Wind Energy – Floating Wind
The Salamander floating offshore wind project, a joint venture between Simply Blue Group, Ørsted and Subsea7, has awarded the pre-FEED foundation design to Ocergy for its OCG-Wind foundation technology.
Last year, Salamander signed a memorandum of understanding (MoU) with Ocergy to evaluate its foundation design for the development in north east Scotland. The project will be a contributor to ensuring the UK government’s target of delivering 5GW of operational floating offshore wind by 2030.
Ocergy has developed OCG-Wind, a novel and efficient floating wind turbine foundation, to support very large wind turbines (>10MW), designed for development of large-scale wind farms. It is targeting a levelised cost of energy (LCOE) that can start to drive reductions in floating offshore wind farms to eventually be competitive with fixed offshore wind farms.
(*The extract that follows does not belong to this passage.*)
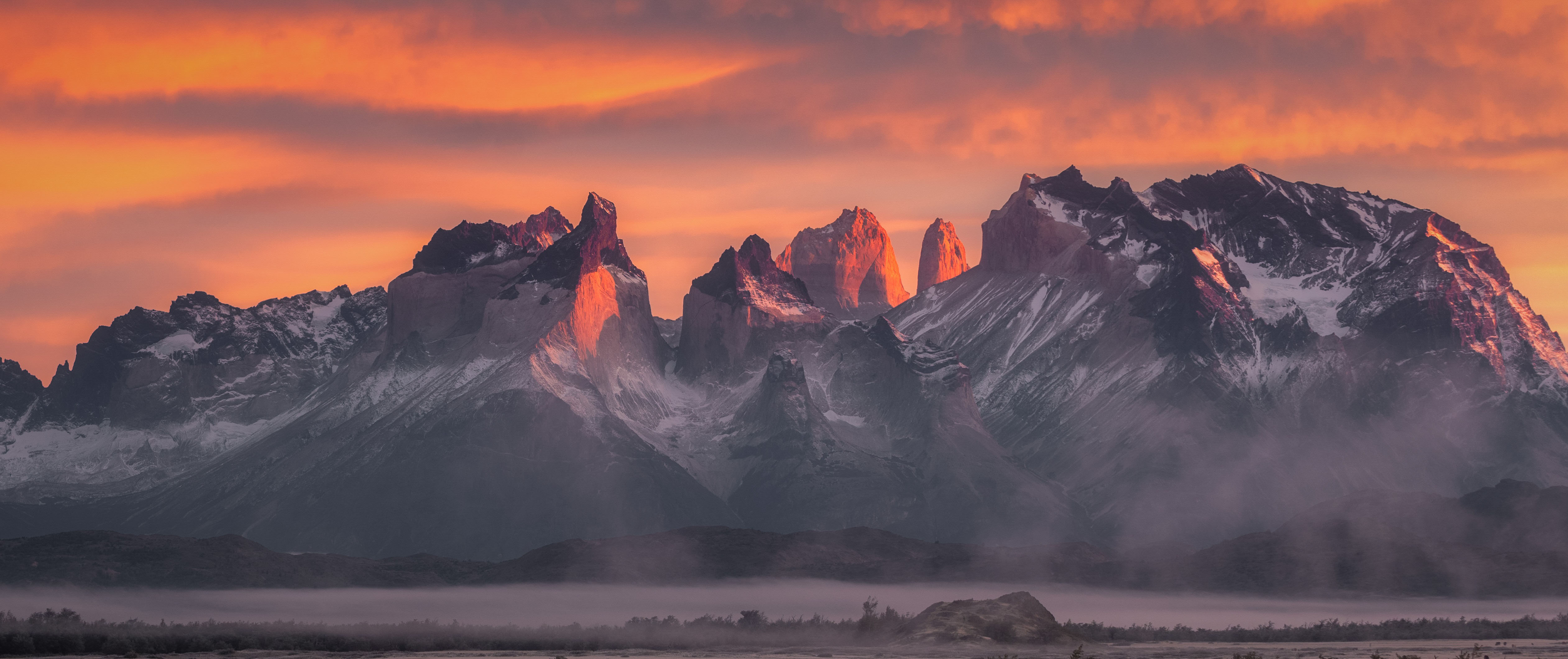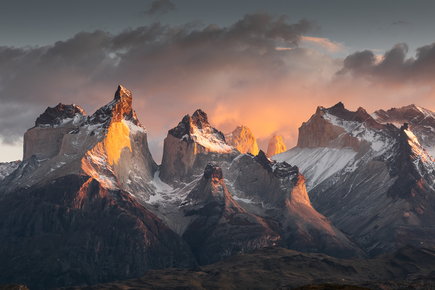 In den nächsten drei Tagen erkunden wir gemeinsam die spektakuläre Landschaft des Torres del Paine Nationalparks. Mächtige Granitfelsen, sprudelnde Wasserfälle und türkisblaue Seen schaffen ein berauschendes Szenario, das jeden Fotografentraum wahr werden lässt. Unsere Tage beginnen wir mit einem leckeren Frühstück. Am frühen Morgen verlassen wir gemeinsam das Hotel, um pünktlich zum Sonnenaufgang die nahegelegene Landschaft im schönsten Licht einfangen zu können. Die anschließenden Vormittage im Torres del Paine Nationalpark werden wir dafür nutzen, den Lake Pehoe und seine Umgebung ausgiebig zu erkunden und zu genießen. Der See ist für sein strahlendes, türkisblaues Gletscherwasser bekannt. Viele Reisende berichten, noch nie zuvor solch eine intensive Wasserfarbe gesehen zu haben. Stellen Sie sich dazu grüne Landzungen im See und die gigantischen Bergfelsen des Paine-Massivs mit seinen senkrechten Granitnadeln, vereisten Gipfeln und steil geschichteten Felsblöcken als Hintergrundmotiv vor: eine schier unendliche Fülle an Fotomotiven! Die von unserem Fotografen sorgfältig ausgewählten Spots versprechen wechselnde Perspektiven und spannende Blickwinkel auf dieses faszinierende Panorama. Anschließend kehren wir für eine Pause und zum Mittagessen ins Hotel zurück.

OCG-Wind is a semi-submersible platform designed to utilise the industrial performance of the hull fabrication and assembly through the maximisation of the local supply chain. The hull is made of three outside circular columns connected mechanically with trusses to a central column that supports the wind turbine.
A feasibility study considered all aspects of the design, technical performance, fabrication, assembly, operations and installation of the OCG-Wind for Salamander. It also reviewed the compatibility of the OCG-Wind platform to the site, inclusive of performance, and supply chain and local content management, as well as identified schedule risks and overall project costs. This feasibility study will now progress to pre-FEED phase.
Salamander, located 35km off Peterhead, is designed to provide the Scottish supply chain with an early capacity development opportunity, enabling it to play a much greater role in subsequent large-scale floating offshore wind buildout. The project will deploy innovative and cutting-edge floating offshore wind technologies to support the cost reduction and learning journey needed for the commercial deployment of floating offshore wind.
Salamander is intended to be progressed through the innovation track of Crown Estate Scotland’s Innovation and Targeted Oil and Gas (INTOG) leasing round. The INTOG round will grant seabed leases through an auction process, which will be split into two pots – one for smaller scale innovation projects of less than 100 MW and one for larger projects linked to oil and gas infrastructure.